* _WHAT TO WORK ON_
Copy exactly the lines from the beginning of the data down to and including the line holding "Das hat wahrlich", without any pictures.

Collected data entries:
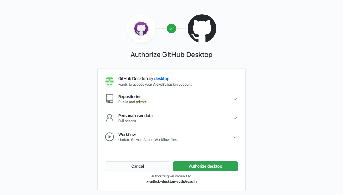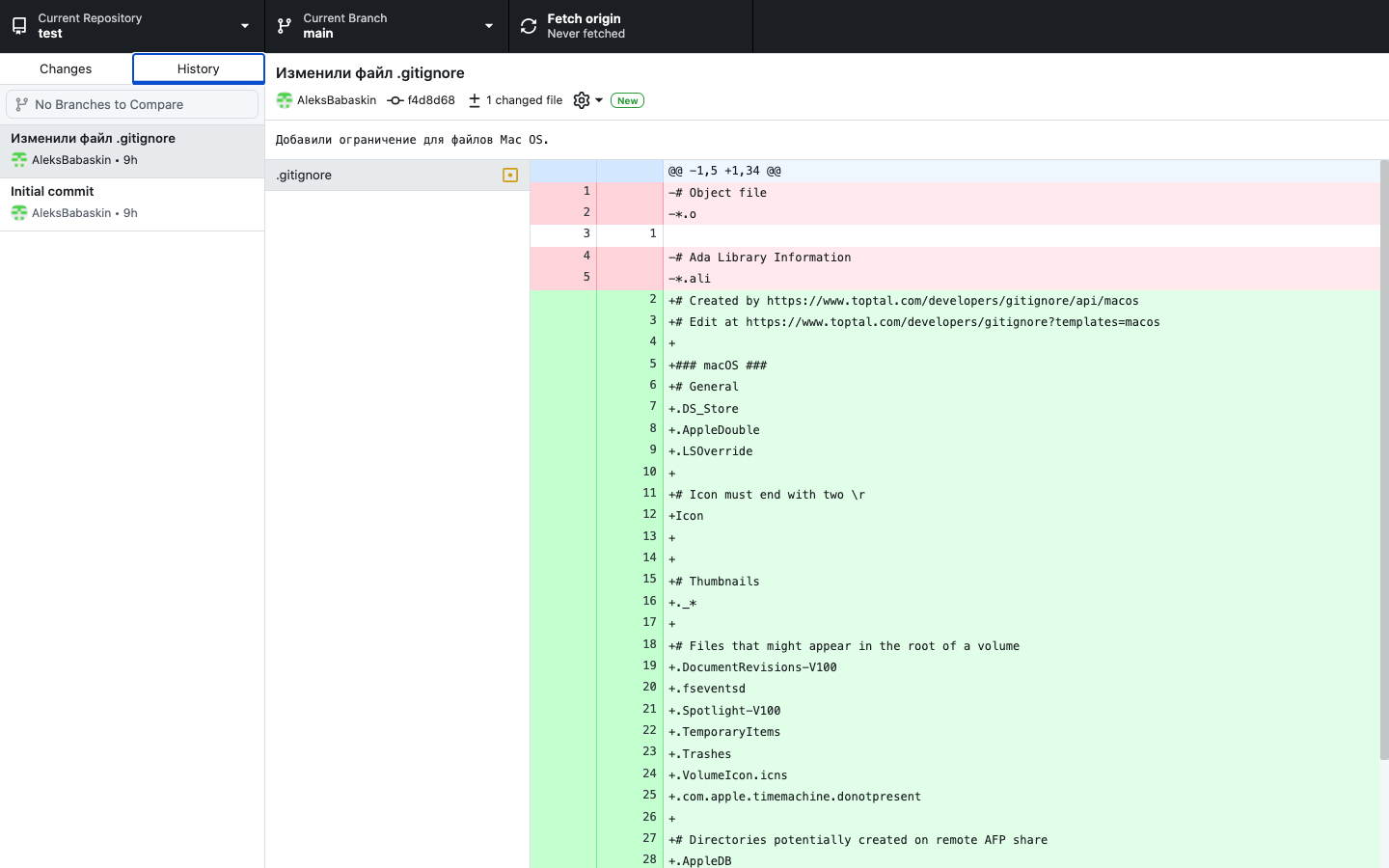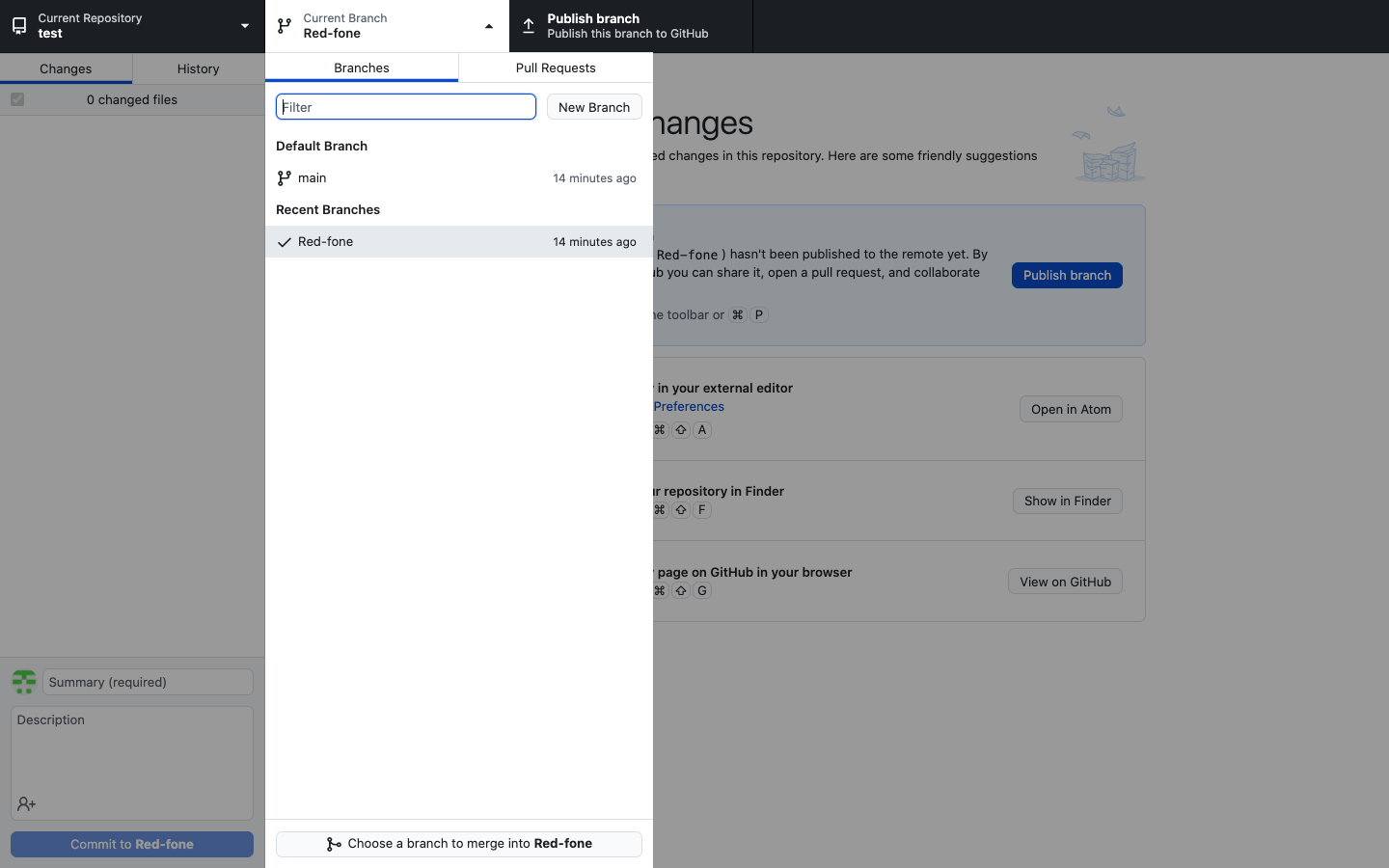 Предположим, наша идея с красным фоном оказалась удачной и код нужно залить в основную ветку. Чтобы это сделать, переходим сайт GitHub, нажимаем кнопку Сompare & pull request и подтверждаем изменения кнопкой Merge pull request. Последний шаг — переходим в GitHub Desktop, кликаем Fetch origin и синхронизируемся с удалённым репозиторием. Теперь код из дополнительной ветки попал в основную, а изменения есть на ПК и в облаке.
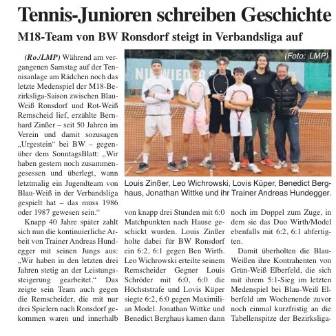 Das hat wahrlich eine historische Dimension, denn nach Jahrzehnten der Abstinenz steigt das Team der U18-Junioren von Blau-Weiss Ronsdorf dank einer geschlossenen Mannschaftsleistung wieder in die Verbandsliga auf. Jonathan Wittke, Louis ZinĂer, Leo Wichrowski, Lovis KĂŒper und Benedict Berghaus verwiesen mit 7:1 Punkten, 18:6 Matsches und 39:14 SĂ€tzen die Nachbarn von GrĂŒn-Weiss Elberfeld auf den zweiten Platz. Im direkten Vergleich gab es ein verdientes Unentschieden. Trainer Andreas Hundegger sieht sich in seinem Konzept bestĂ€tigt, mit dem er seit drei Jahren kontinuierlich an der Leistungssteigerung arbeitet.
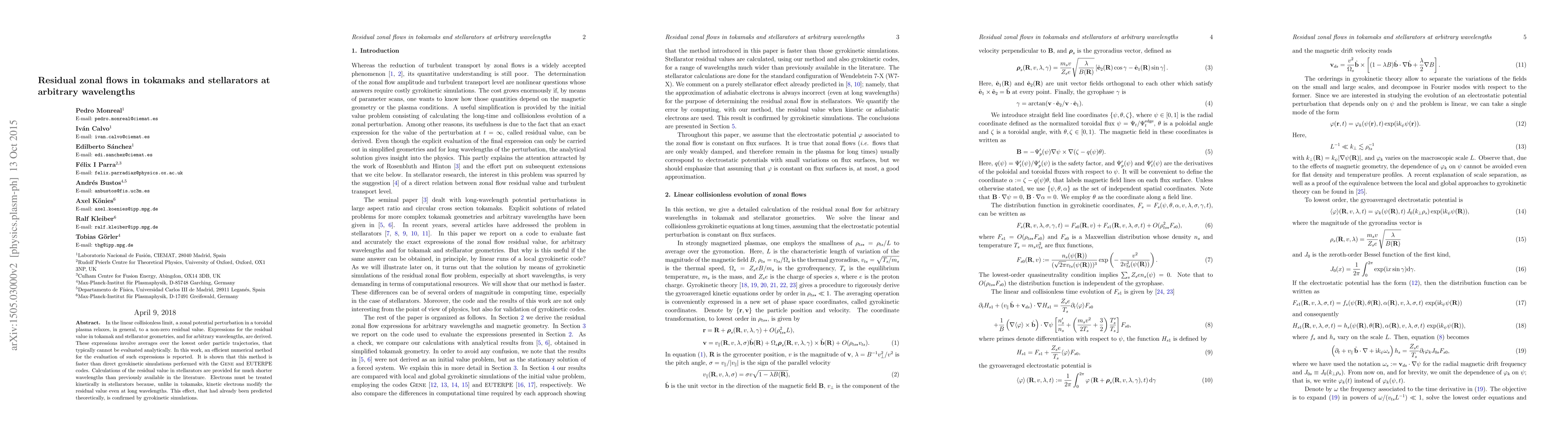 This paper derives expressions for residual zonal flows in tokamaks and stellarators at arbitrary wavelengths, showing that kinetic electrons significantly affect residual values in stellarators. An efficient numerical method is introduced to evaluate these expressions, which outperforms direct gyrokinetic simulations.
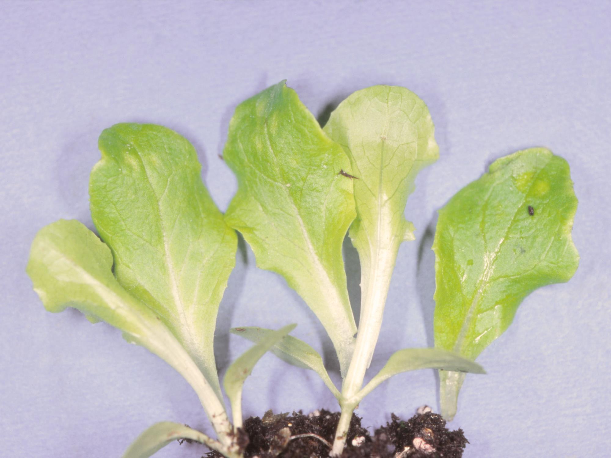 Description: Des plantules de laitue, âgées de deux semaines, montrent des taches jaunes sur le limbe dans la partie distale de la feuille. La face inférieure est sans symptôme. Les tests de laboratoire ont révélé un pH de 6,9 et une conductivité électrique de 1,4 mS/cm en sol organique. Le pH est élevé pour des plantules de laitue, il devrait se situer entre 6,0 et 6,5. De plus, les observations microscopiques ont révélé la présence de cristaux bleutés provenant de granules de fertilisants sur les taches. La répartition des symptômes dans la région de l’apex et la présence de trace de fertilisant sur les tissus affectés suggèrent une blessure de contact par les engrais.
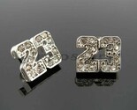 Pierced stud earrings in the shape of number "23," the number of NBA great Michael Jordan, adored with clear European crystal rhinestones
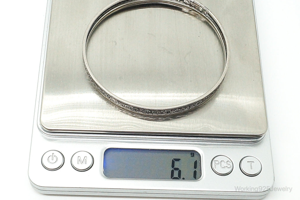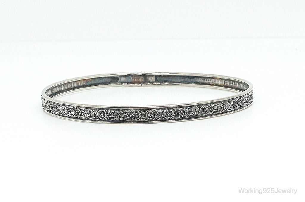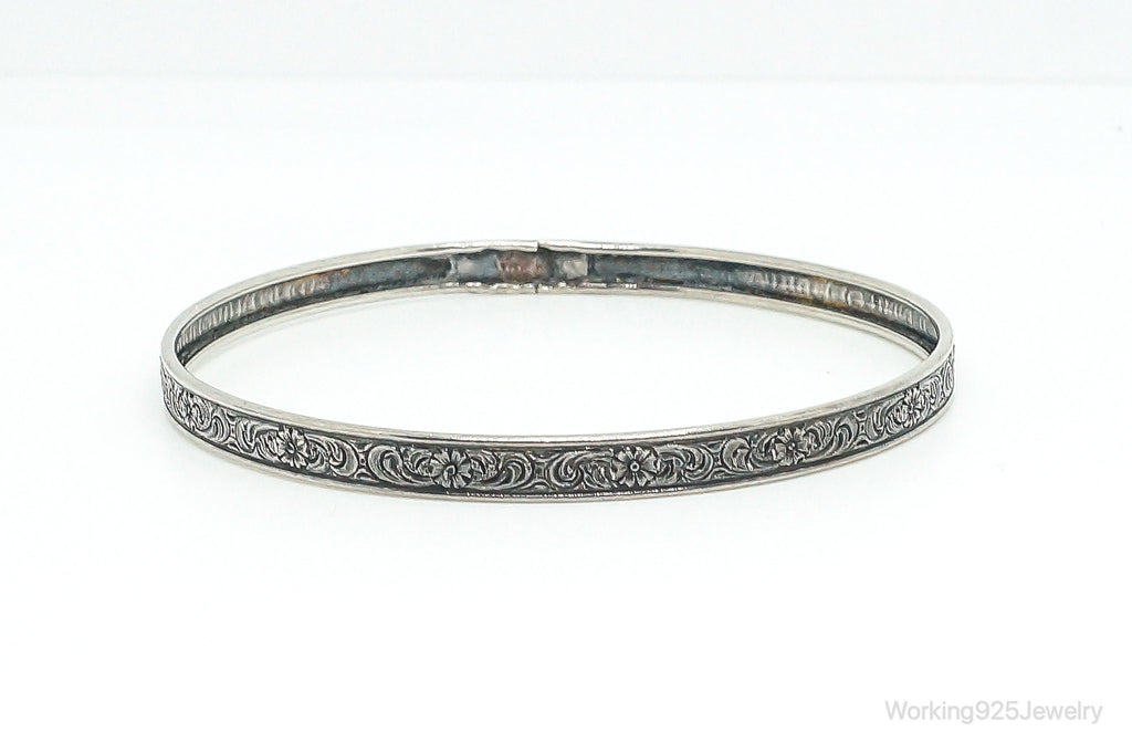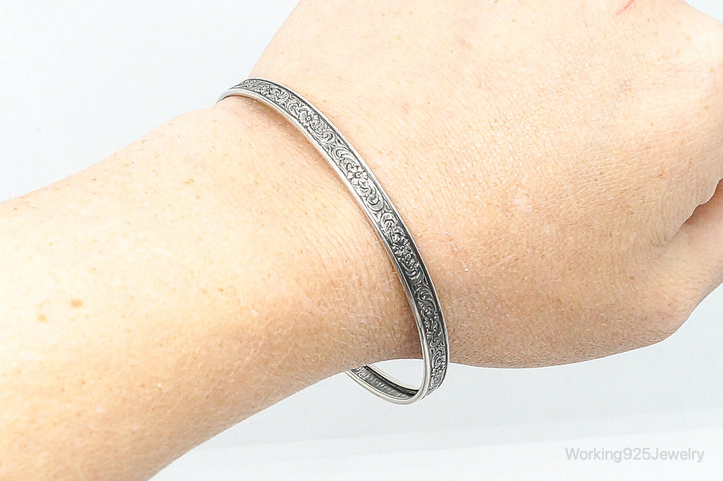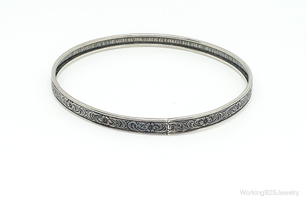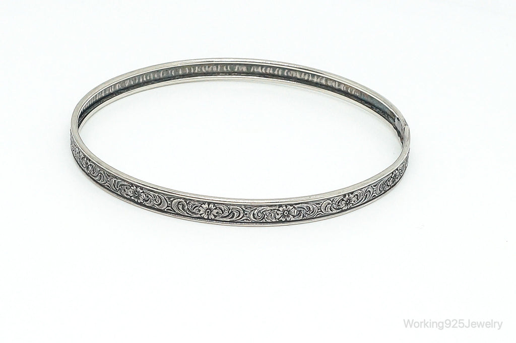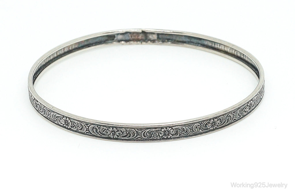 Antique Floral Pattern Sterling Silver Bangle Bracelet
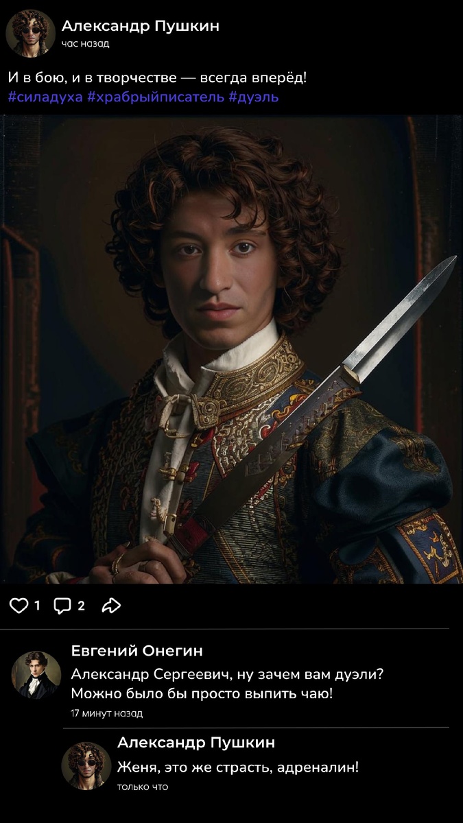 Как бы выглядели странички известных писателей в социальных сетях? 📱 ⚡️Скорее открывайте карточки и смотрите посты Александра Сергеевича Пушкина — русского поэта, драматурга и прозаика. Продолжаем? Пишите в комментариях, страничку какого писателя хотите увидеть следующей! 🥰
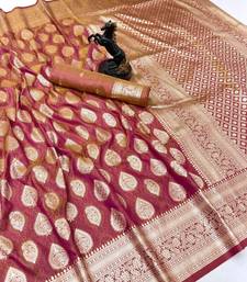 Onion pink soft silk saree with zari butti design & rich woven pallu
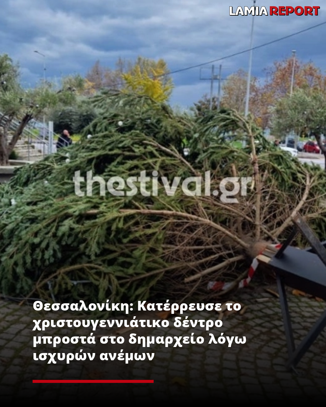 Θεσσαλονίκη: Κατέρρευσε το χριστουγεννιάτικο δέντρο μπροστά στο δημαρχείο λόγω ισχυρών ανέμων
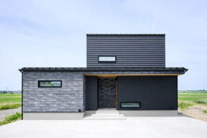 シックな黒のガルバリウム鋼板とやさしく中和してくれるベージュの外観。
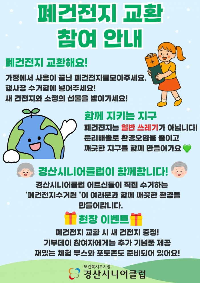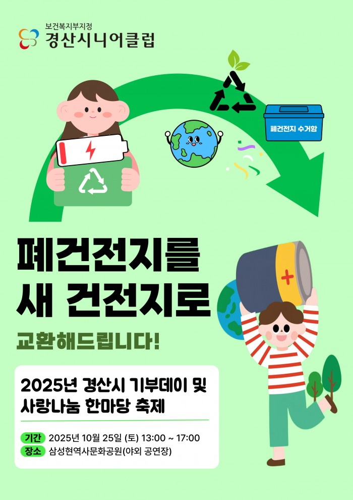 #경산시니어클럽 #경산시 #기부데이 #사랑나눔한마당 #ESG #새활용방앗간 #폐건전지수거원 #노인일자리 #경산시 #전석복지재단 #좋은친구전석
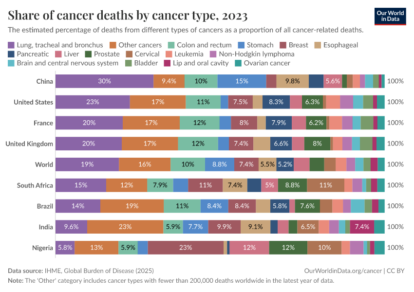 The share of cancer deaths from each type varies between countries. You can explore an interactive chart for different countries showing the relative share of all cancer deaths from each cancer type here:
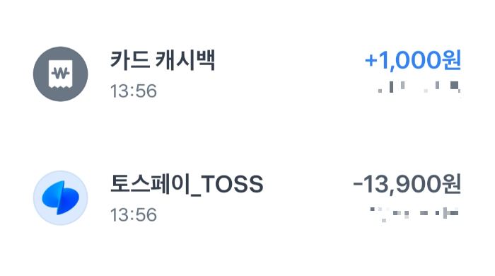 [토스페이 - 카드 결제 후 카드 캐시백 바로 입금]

* _SOLUTION FOR THIS TASK_
 Предположим, наша идея с красным фоном оказалась удачной и код нужно залить в основную ветку. Чтобы это сделать, переходим сайт GitHub, нажимаем кнопку Сompare & pull request и подтверждаем изменения кнопкой Merge pull request. Последний шаг — переходим в GitHub Desktop, кликаем Fetch origin и синхронизируемся с удалённым репозиторием. Теперь код из дополнительной ветки попал в основную, а изменения есть на ПК и в облаке.
 Das hat wahrlich eine historische Dimension, denn nach Jahrzehnten der Abstinenz steigt das Team der U18-Junioren von Blau-Weiss Ronsdorf dank einer geschlossenen Mannschaftsleistung wieder in die Verbandsliga auf. Jonathan Wittke, Louis ZinĂer, Leo Wichrowski, Lovis KĂŒper und Benedict Berghaus verwiesen mit 7:1 Punkten, 18:6 Matsches und 39:14 SĂ€tzen die Nachbarn von GrĂŒn-Weiss Elberfeld auf den zweiten Platz. Im direkten Vergleich gab es ein verdientes Unentschieden. Trainer Andreas Hundegger sieht sich in seinem Konzept bestĂ€tigt, mit dem er seit drei Jahren kontinuierlich an der Leistungssteigerung arbeitet.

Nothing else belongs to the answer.